*** Opening of DATASET ENTRIES ***

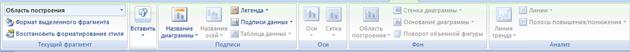 Вкладка Макет позволяет добавить/удалить название диаграммы, легенду, подписи данных, настроить оси:
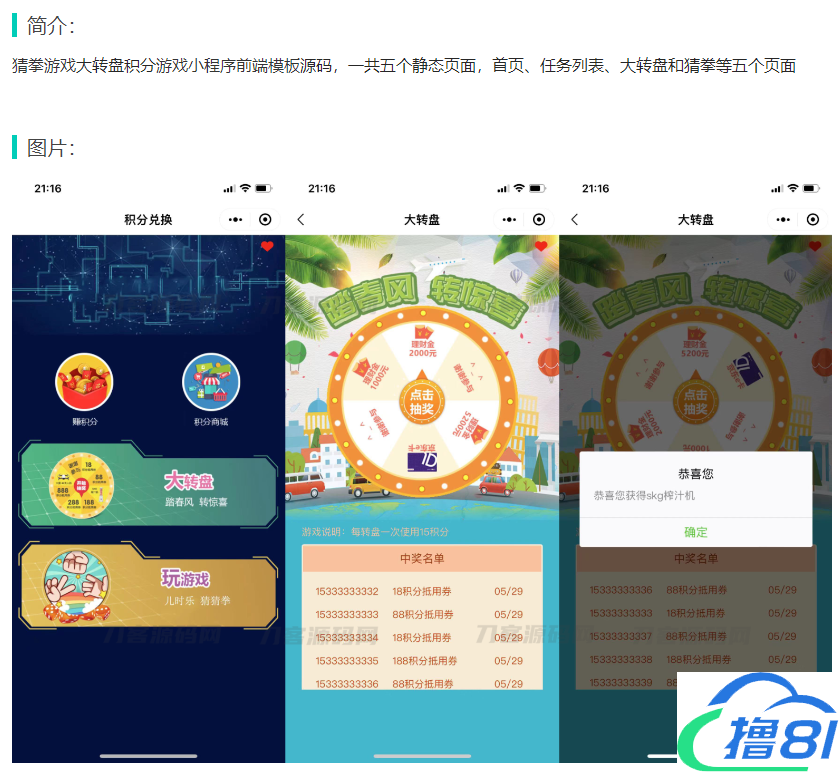 猜拳游戏小程序源码 大转盘积分游戏小程序源码 积分游戏小程序源码
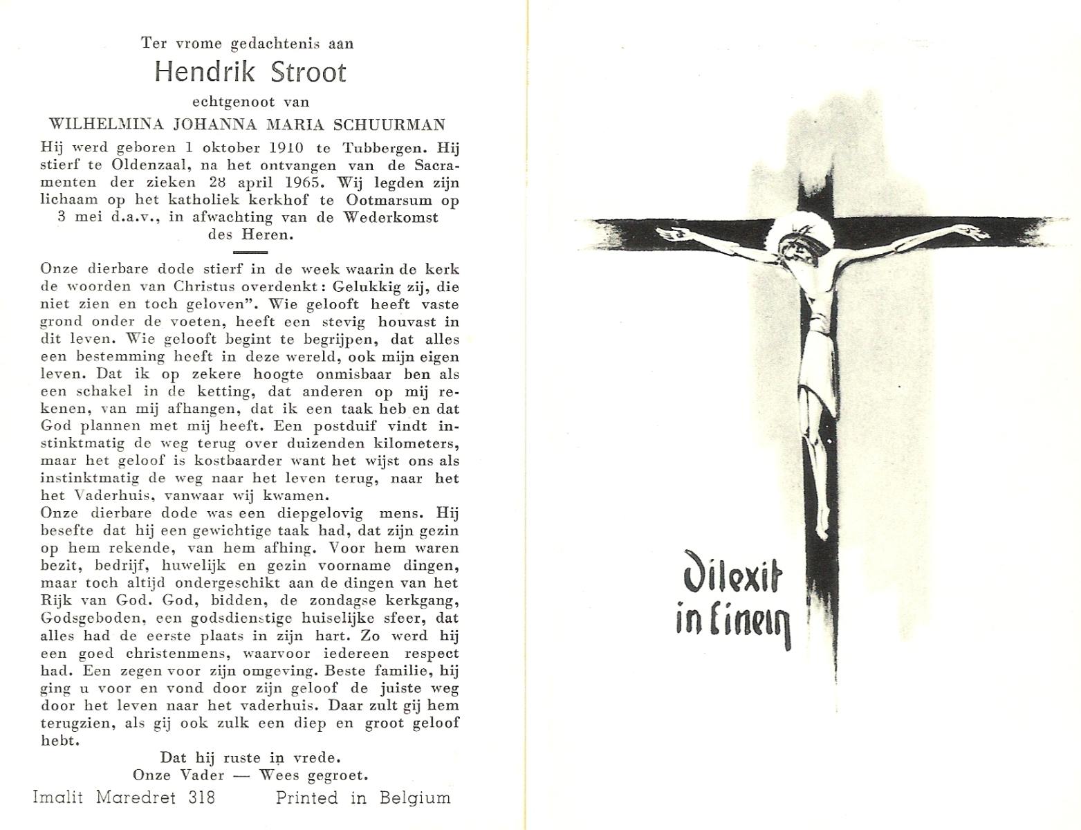 STROOT, Hendrik, geboren op 1-10-1910 te Tubbergen, overleden op 28-4-1965 te Oldenzaal op 54-jarige leeftijd, begraven op 3-5-1965 te Ootmarsum.
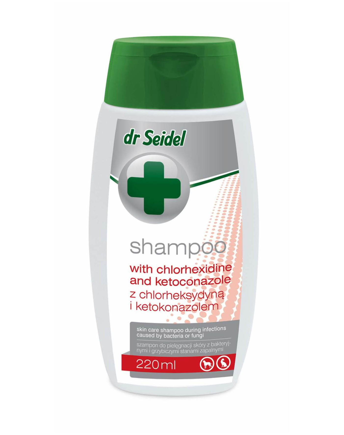 Șampon dermatologic pentru infecții bacteriene și fungice. DR SEIDEL este un șampon specializat pentru câini și pisici, formulat pentru îngrijirea pielii afectate de infecții bacteriene și fungice, utilizat ca suport în terapia dermatologică.
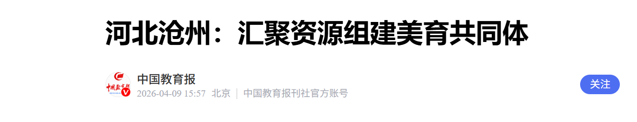 根据计划,2026年,该共同体将聚焦核心目标,重点推进21项美育核心工作,将通过组建跨学段美育教研组、实施师资共育计划、开发沧州特色美育微课程、建设美育实践基地、开展美育资源普查及课题研究等行动,实现美育资源共享、教学共研、师资共育、成果共展,推动区域美育事业高质量发展。共同体秘书处设在沧州幼儿师范高等专科学校,将统筹协调各项工作的落地实施。
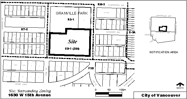 Site, Surrounding Zoning and Development: This 14 217 m² (153,036 sq. ft.) site is comprised of a single parcel located on the north side of West 16th Avenue. The site has a frontage of 152.64 m (500.8 ft.) along its north boundary, a frontage of 82.24 m (269.6 ft.) along Pine Street, and a frontage of 100.43 m (329.5 ft.) along Fir Street.
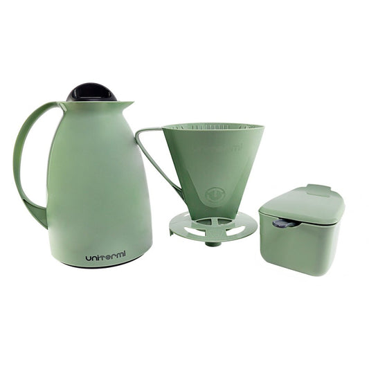 Kit Garrafa Termica Café Prático com Açucareiro com Colher e Suporte para Filtro - Verde
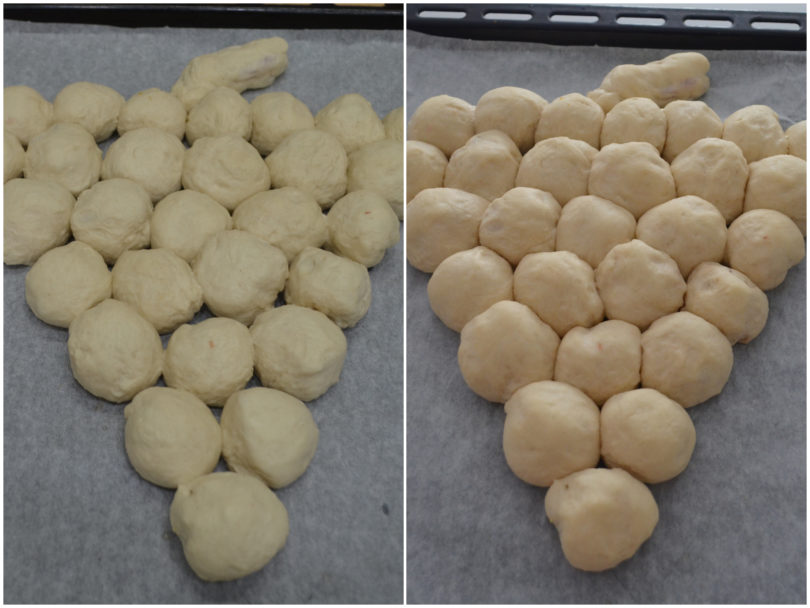 Cuocete il grappolo di pane, in forno ventilato preriscaldato a 180° C, per 35-40 minuti, quidni fatelo almeno intiepidire prima di servirlo.
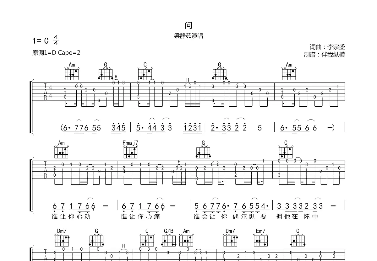 问吉他谱_梁静茹_c调指弹吉他谱 - 吉他世界
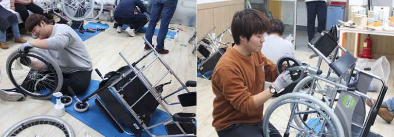 ▲ ‘휠마스터’ 교육을 받고 있는 ‘커리어 점프업 클래스’ 교육생들 – 이미지 출처 : 한국장애인재단
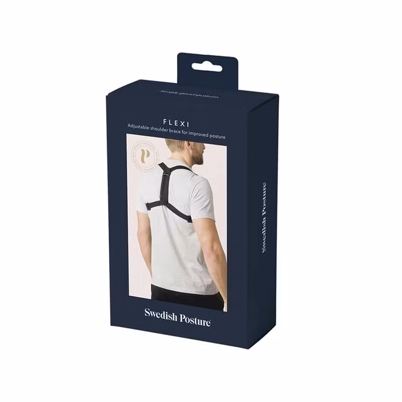 Swedish Posture Hållningsband är ett praktiskt hjälpmedel för en bättre hållning. Det fungerar som ett träningsredskap som aktiverar musklerna i rygg och axlar och påminner dig om att hålla en upprätt position.
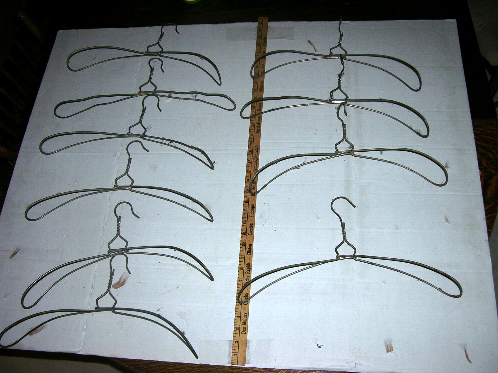 10 Antique Heavy WIRE CLOTHING HANGERs PRIMITIVE FOLK ART
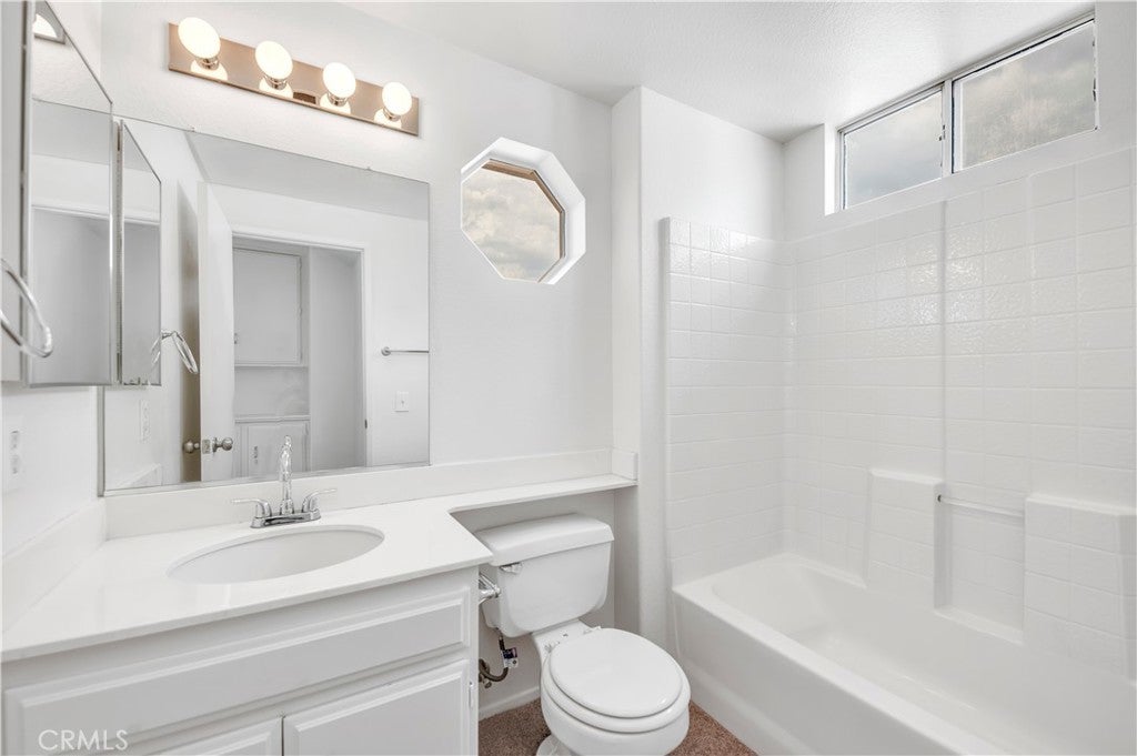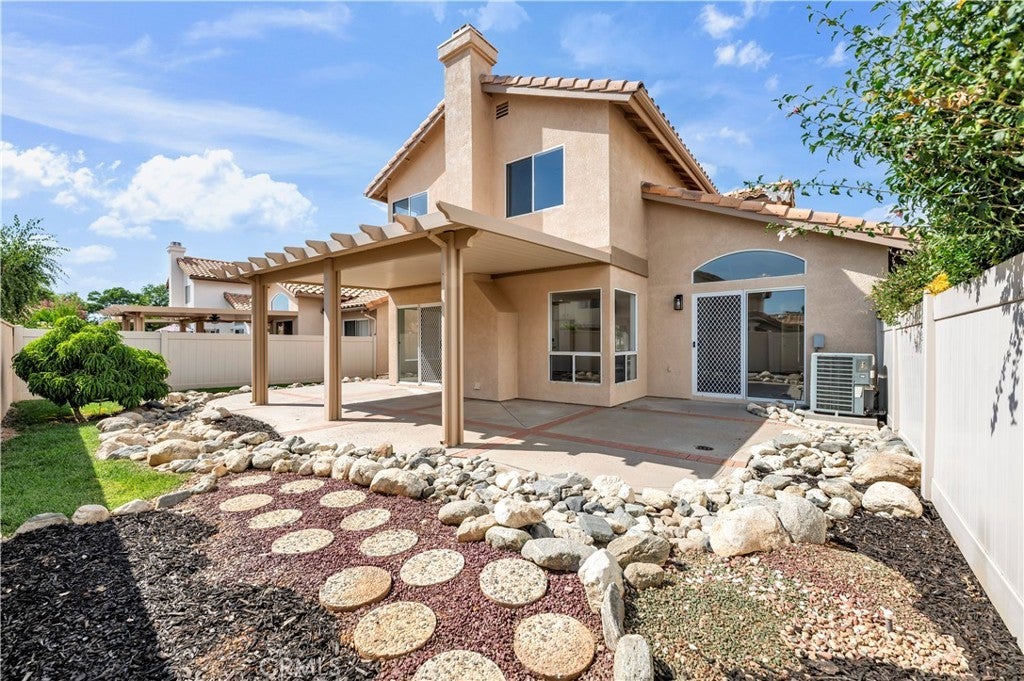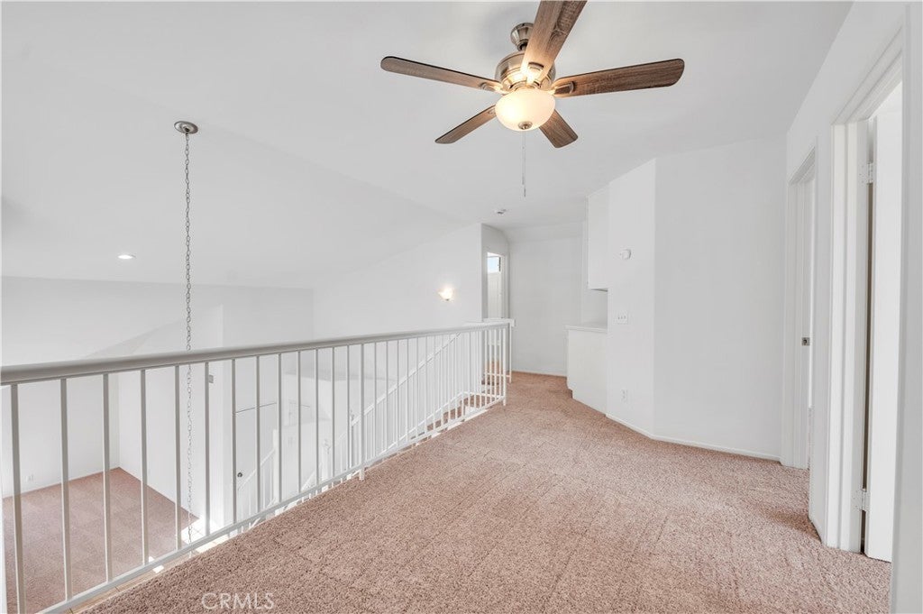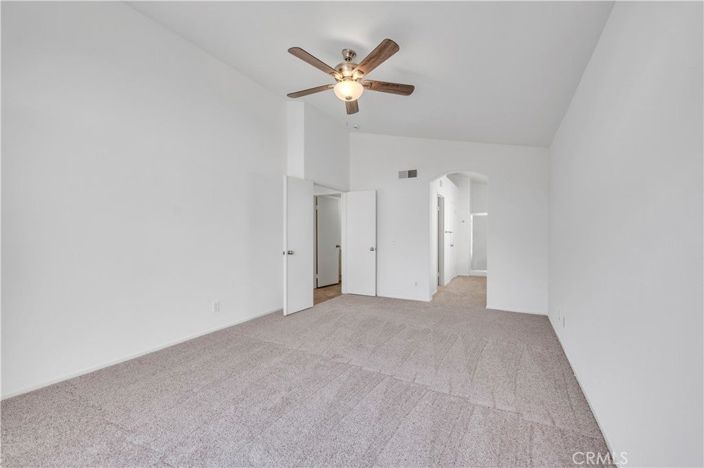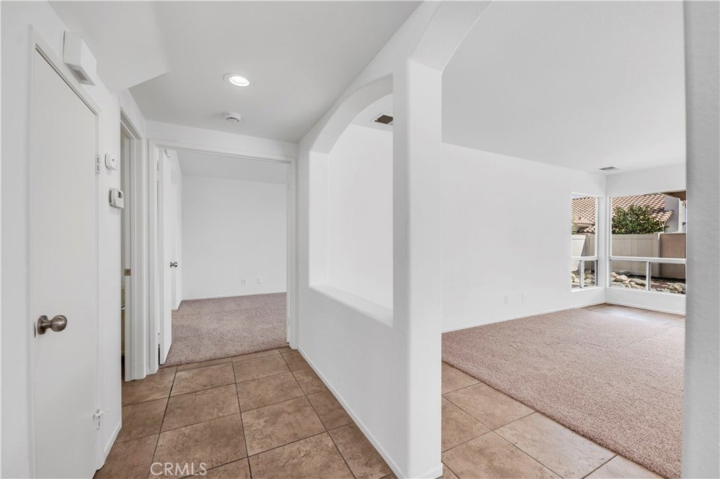Lovely Muirfield model in Sun Lakes Country Club, a stunning 55+ community in Banning. This 3-bedroom, 2.5-bath home with loft and family room offers 1,846 sq. ft. of comfortable living. A double-door entry welcomes you into a bright, open floor plan with abundant natural light and freshly painted white walls. The spacious living and dining areas flow nicely for entertaining. The kitchen features ceramic tile flooring, updated painted cabinets, and appliances including the refrigerator. The downstairs primary suite is open and airy with a sliding door to the patio and an en-suite bathroom featuring dual sinks. Upstairs has been fully refreshed with all new carpet, paint, and ceiling fans in each room, along with two bedrooms, a full bath, and a loft area. Other highlights include mirrored closet doors, ample garage storage with built-in cabinets and attic ladder, a solid Alumawood patio cover, fresh exterior paint, new landscaping, and new carpet throughout the home. Sun Lakes Country Club offers resort-style living with two golf courses, three clubhouses (one with a full-service restaurant and lounge), three swimming pools including an indoor pool, tennis and bocce ball courts, and countless clubs and social activities. The perfect blend of comfort and community.
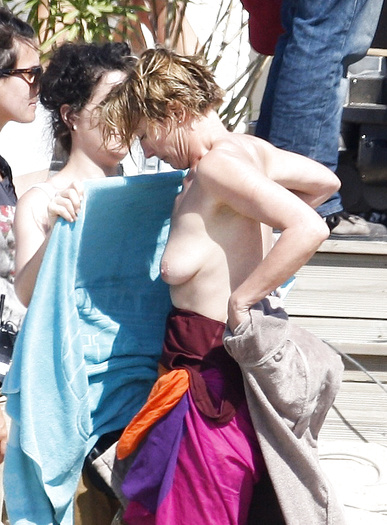 Emma Thompson (53 years) caught nude on the set 'Love Punch' (June 2012).

*** Close of DATASET ENTRIES ***

Could you set down every record above word for word, leaving out the pictures?

ANSWER BOX:
 Вкладка Макет позволяет добавить/удалить название диаграммы, легенду, подписи данных, настроить оси:
 猜拳游戏小程序源码 大转盘积分游戏小程序源码 积分游戏小程序源码
 STROOT, Hendrik, geboren op 1-10-1910 te Tubbergen, overleden op 28-4-1965 te Oldenzaal op 54-jarige leeftijd, begraven op 3-5-1965 te Ootmarsum.
 Șampon dermatologic pentru infecții bacteriene și fungice. DR SEIDEL este un șampon specializat pentru câini și pisici, formulat pentru îngrijirea pielii afectate de infecții bacteriene și fungice, utilizat ca suport în terapia dermatologică.
 根据计划,2026年,该共同体将聚焦核心目标,重点推进21项美育核心工作,将通过组建跨学段美育教研组、实施师资共育计划、开发沧州特色美育微课程、建设美育实践基地、开展美育资源普查及课题研究等行动,实现美育资源共享、教学共研、师资共育、成果共展,推动区域美育事业高质量发展。共同体秘书处设在沧州幼儿师范高等专科学校,将统筹协调各项工作的落地实施。
 Site, Surrounding Zoning and Development: This 14 217 m² (153,036 sq. ft.) site is comprised of a single parcel located on the north side of West 16th Avenue. The site has a frontage of 152.64 m (500.8 ft.) along its north boundary, a frontage of 82.24 m (269.6 ft.) along Pine Street, and a frontage of 100.43 m (329.5 ft.) along Fir Street.
 Kit Garrafa Termica Café Prático com Açucareiro com Colher e Suporte para Filtro - Verde
 Cuocete il grappolo di pane, in forno ventilato preriscaldato a 180° C, per 35-40 minuti, quidni fatelo almeno intiepidire prima di servirlo.
 问吉他谱_梁静茹_c调指弹吉他谱 - 吉他世界
 ▲ ‘휠마스터’ 교육을 받고 있는 ‘커리어 점프업 클래스’ 교육생들 – 이미지 출처 : 한국장애인재단
 Swedish Posture Hållningsband är ett praktiskt hjälpmedel för en bättre hållning. Det fungerar som ett träningsredskap som aktiverar musklerna i rygg och axlar och påminner dig om att hålla en upprätt position.
 10 Antique Heavy WIRE CLOTHING HANGERs PRIMITIVE FOLK ART
Lovely Muirfield model in Sun Lakes Country Club, a stunning 55+ community in Banning. This 3-bedroom, 2.5-bath home with loft and family room offers 1,846 sq. ft. of comfortable living. A double-door entry welcomes you into a bright, open floor plan with abundant natural light and freshly painted white walls. The spacious living and dining areas flow nicely for entertaining. The kitchen features ceramic tile flooring, updated painted cabinets, and appliances including the refrigerator. The downstairs primary suite is open and airy with a sliding door to the patio and an en-suite bathroom featuring dual sinks. Upstairs has been fully refreshed with all new carpet, paint, and ceiling fans in each room, along with two bedrooms, a full bath, and a loft area. Other highlights include mirrored closet doors, ample garage storage with built-in cabinets and attic ladder, a solid Alumawood patio cover, fresh exterior paint, new landscaping, and new carpet throughout the home. Sun Lakes Country Club offers resort-style living with two golf courses, three clubhouses (one with a full-service restaurant and lounge), three swimming pools including an indoor pool, tennis and bocce ball courts, and countless clubs and social activities. The perfect blend of comfort and community.
 Emma Thompson (53 years) caught nude on the set 'Love Punch' (June 2012).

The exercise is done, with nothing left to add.